The data
* * * *

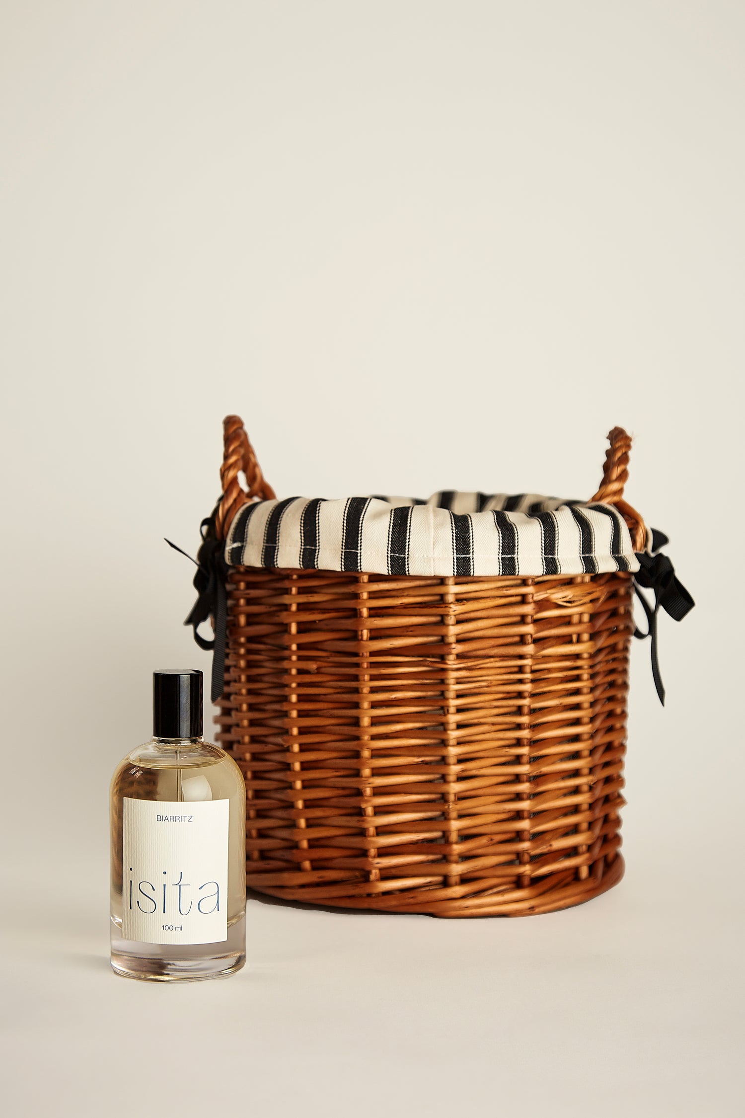 -Home spray fabricado en frasco de vidrio de 100 mL con bomba y tapón pintados a mano y etiqueta de papel vegetal. Viene en una caja de cartón con estampados diseñados por Isita.
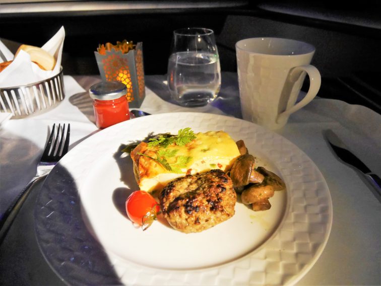 成田発ドーハ行き、カタール航空ビジネスクラスのメイン料理
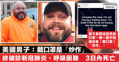 【新冠肺炎】美國男稱「戴口罩是炒作」,終確診新冠肺炎、呼吸困難,3日內不治身亡。
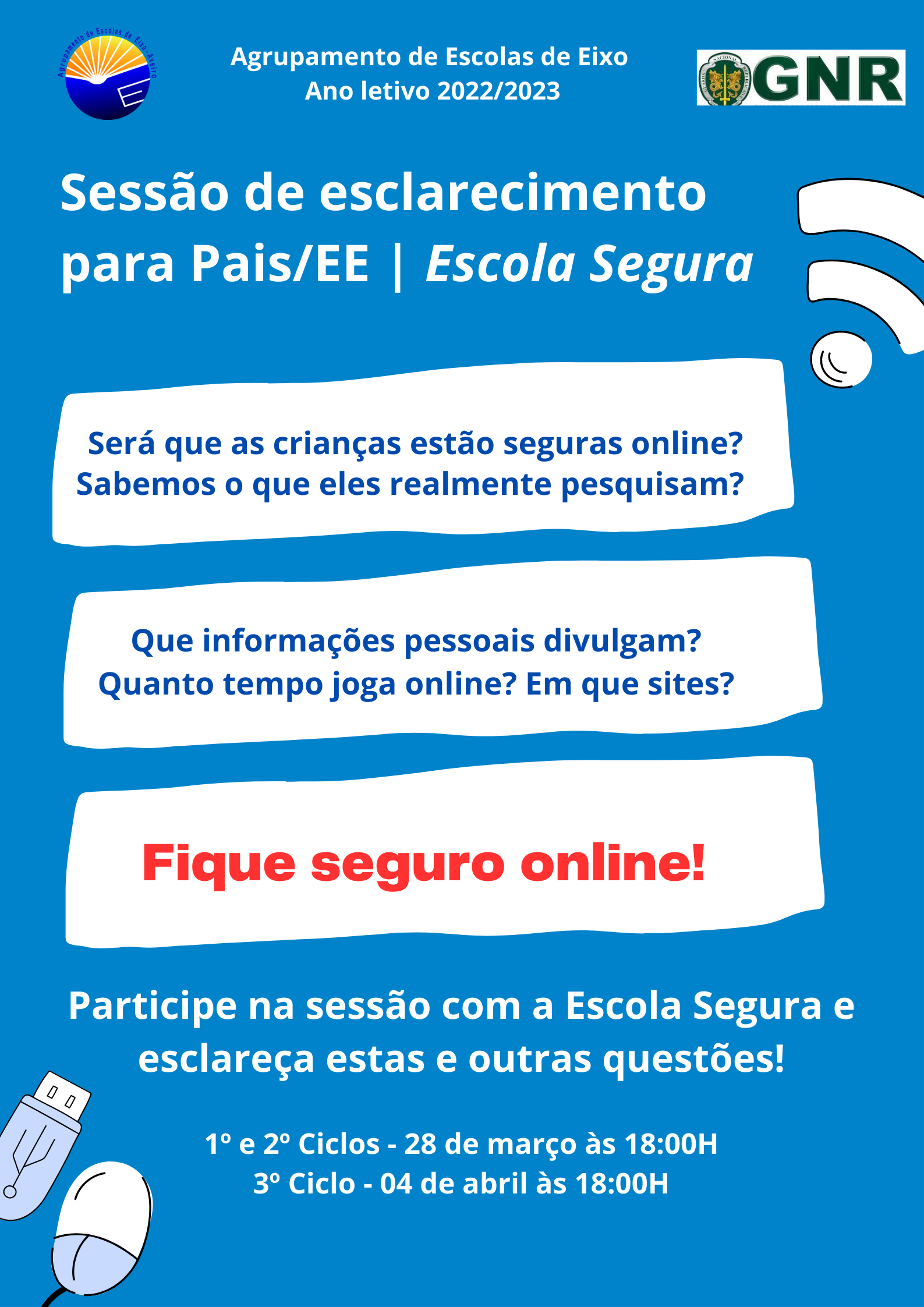 No âmbito do Plano de Ação de Desenvolvimento Digital de Escola (PADDE) do Agrupamento de Escolas de Eixo, em colaboração com programa Escola Segura da Guarda Nacional Republicana, Comando Territorial de Aveiro, Destacamento Territorial de Aveiro, convidam-se os Encarregados de Educação dos alunos do 1º ciclo do Ensino Básico para uma sessão de esclarecimentos no dia 14 de março de 2023, pelas 18:00h na escola sede do agrupamento (Escola Básica de Eixo - Rua do Forno, Apartado 27 3801-501 Eixo).Pretende-se, com esta iniciativa, alertar os Encarregados de Educação para as diversas problemáticas de utilização da internet e dar informações sobre as plataformas utilizadas pelo agrupamento para o desenvolvimento das competências digitais dos alunos.

* * * *

What you will do
Where an image appears in the data, skip it, and return the rest verbatim.

Answer to this task
 -Home spray fabricado en frasco de vidrio de 100 mL con bomba y tapón pintados a mano y etiqueta de papel vegetal. Viene en una caja de cartón con estampados diseñados por Isita.
 成田発ドーハ行き、カタール航空ビジネスクラスのメイン料理
 【新冠肺炎】美國男稱「戴口罩是炒作」,終確診新冠肺炎、呼吸困難,3日內不治身亡。
 No âmbito do Plano de Ação de Desenvolvimento Digital de Escola (PADDE) do Agrupamento de Escolas de Eixo, em colaboração com programa Escola Segura da Guarda Nacional Republicana, Comando Territorial de Aveiro, Destacamento Territorial de Aveiro, convidam-se os Encarregados de Educação dos alunos do 1º ciclo do Ensino Básico para uma sessão de esclarecimentos no dia 14 de março de 2023, pelas 18:00h na escola sede do agrupamento (Escola Básica de Eixo - Rua do Forno, Apartado 27 3801-501 Eixo).Pretende-se, com esta iniciativa, alertar os Encarregados de Educação para as diversas problemáticas de utilização da internet e dar informações sobre as plataformas utilizadas pelo agrupamento para o desenvolvimento das competências digitais dos alunos.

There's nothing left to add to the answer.